A Bologna, la protesta dei genitori contro la mancanza di impianti di climatizzazione negli asili nido e nelle scuole dell’infanzia comunali si è intensificata. Dopo aver inviato una diffida al Comune per denunciare le aule prive di sistemi adeguati ad affrontare il caldo, un gruppo di famiglie ha deciso di sospendere il pagamento della retta relativa al mese di giugno. I genitori hanno inoltre annunciato che non effettueranno ulteriori versamenti se, come dichiarato in una nota, “perdurerà la minaccia concreta alla salute delle nostre figlie e dei nostri figli”.

Alla mobilitazione aderisce anche il sindacato Usb, che ha proclamato lo stato di agitazione dei lavoratori dei centri estivi. La questione è stata ulteriormente alimentata dalle dichiarazioni dell’assessore alla scuola Daniele Ara, il quale ha ricordato “la possibilità di ricorrere alla riscossione coatta delle rette”. L’amministrazione comunale ha spiegato che, a causa dei costi, non è possibile “fornire un dato certo, univoco e chiaramente definibile per ogni installazione” dei condizionatori, specificando che il rendiconto delle spese potrebbe essere disponibile nel quarto trimestre 2026. Questa risposta non ha soddisfatto le famiglie, che hanno programmato un’assemblea cittadina per settembre.

Le richieste delle famiglie e i dettagli della protesta

I genitori hanno formalizzato la loro posizione inviando una diffida al sindaco di Bologna, all’assessore alla Scuola e agli uffici competenti, chiedendo che entro quindici giorni vengano garantite condizioni microclimatiche adeguate in tutti gli ambienti frequentati dai bambini. Tra le richieste figurano la conoscenza degli interventi programmati, le valutazioni sul rischio da stress termico e le misure previste per i periodi più caldi, incluso il mese di settembre. Secondo quanto riferito dal presidente del comitato dei genitori del nido Vestri, solo il dormitorio sarebbe dotato di un climatizzatore portatile, mentre gli altri ambienti resterebbero privi di sistemi di raffrescamento.

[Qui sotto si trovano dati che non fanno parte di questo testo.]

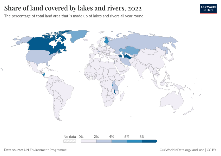 “Data Page: Share of land covered by lakes and rivers”. Our World in Data (2026). Data adapted from UN Environment Programme. Retrieved from https://multi-dim-redirects-index.owid.pages.dev/grapher/share-of-land-covered-by-lakes-and-rivers [online resource]How to cite this data

Le famiglie hanno segnalato episodi di disagio, irritabilità e insofferenza nei bambini durante le giornate più calde e hanno sottolineato il rischio di trasmissione di patogeni se tutti i bambini venissero concentrati nell’unica stanza climatizzata.

La risposta dell’amministrazione e le iniziative future

L’assessore Daniele Ara ha ribadito che ogni nido comunale dispone già di almeno un condizionatore e che nel 2026 sono stati distribuiti ottanta climatizzatori portatili nelle strutture per bambini da zero a sei anni. L’amministrazione ha inoltre annunciato uno stanziamento di 350 mila euro per climatizzare un’aula in ogni scuola dell’infanzia nel corso del 2026, affiancando agli impianti anche interventi come fotovoltaico, aree verdi e sistemi di nebulizzazione.

Il Comune ha dichiarato che il rendiconto delle spese per l’installazione dei condizionatori potrebbe essere disponibile nel quarto trimestre 2026. Le famiglie, insoddisfatte delle risposte ricevute, hanno programmato un’assemblea cittadina per settembre per discutere ulteriori iniziative e strategie di mobilitazione.